Estate Planning Attorney - Baron Law

I Need Medicaid, How Can I Keep My Home?

Baron Law LLC, Cleveland, Ohio, offers information for you to reflect upon while you are setting out looking for an estate planning attorney to help protect as much of your assets as you can. For more comprehensive information contact Baron Law Cleveland to draft your comprehensive estate plan to endeavor to keep more of your assets for your heirs and not hand them over to the government by way of taxes.

Caring for elderly loved ones, yourself or others, is not cheap. Assisted living facilities, nursing homes, and hospice care can easily run thousands of dollars a month and, as such, most people cannot afford to pay for it out of pocket for very long. We’ve all heard the horror stories, people stuck in dilapidated or abusive care facilities or having to spend every last cent just for a bed in a proper facility. No one expects to spend the last years of their lives in such an appalling state, but tragically, it happens more often than you think. To combat this, many resort to relying on government assistance to pay for managed care. To qualify for that assistance, however, many people must “spend down” their assets or reduce their income in order to become eligible for government programs, namely Medicaid.

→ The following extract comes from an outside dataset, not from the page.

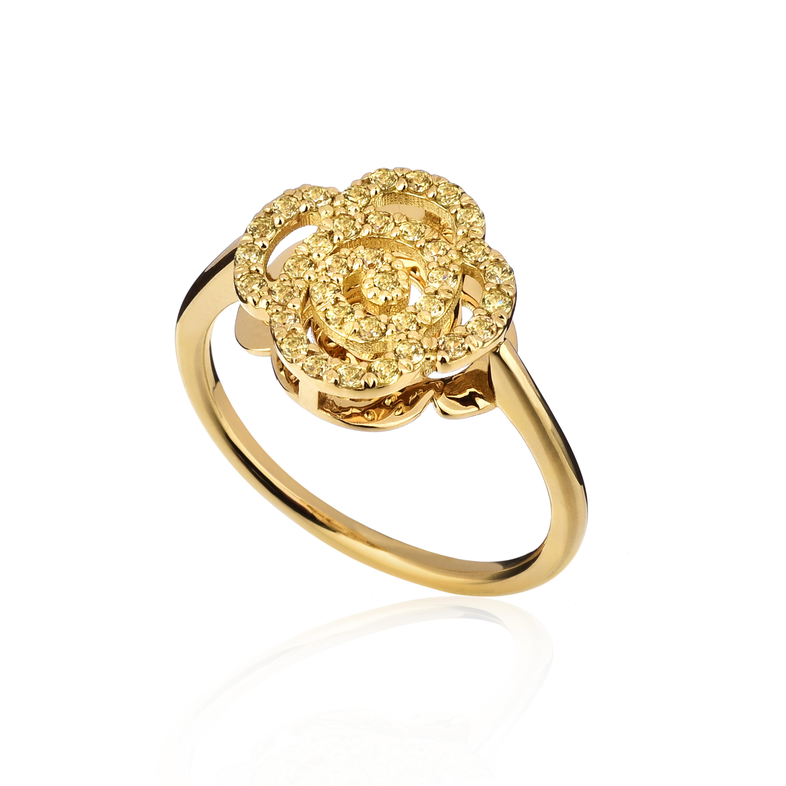 Ispirato alla Rosa di Taif, questo anello interpreta il fiore in una silhouette luminosa e contemporanea. Gli zaffiri gialli disegnano petali delicati, regalando sfumature calde e ricche di carattere. Un gioiello raffinato, pensato per chi desidera un dettaglio distintivo e capace di illuminare ogni gesto.

The thought of having to choose between either having a fire sale and/or willingly living in a crummy facility and/or becoming a burden on your family is hardly an attractive prospect. Everyone wants to pass as much of their money and assets on to friends and family and no one wants to become a burden. Medicaid is well aware of this and imposes a five-year “look back” period for eligibility to ensure that people don’t simply transfer their money and assets away to qualify for government benefits.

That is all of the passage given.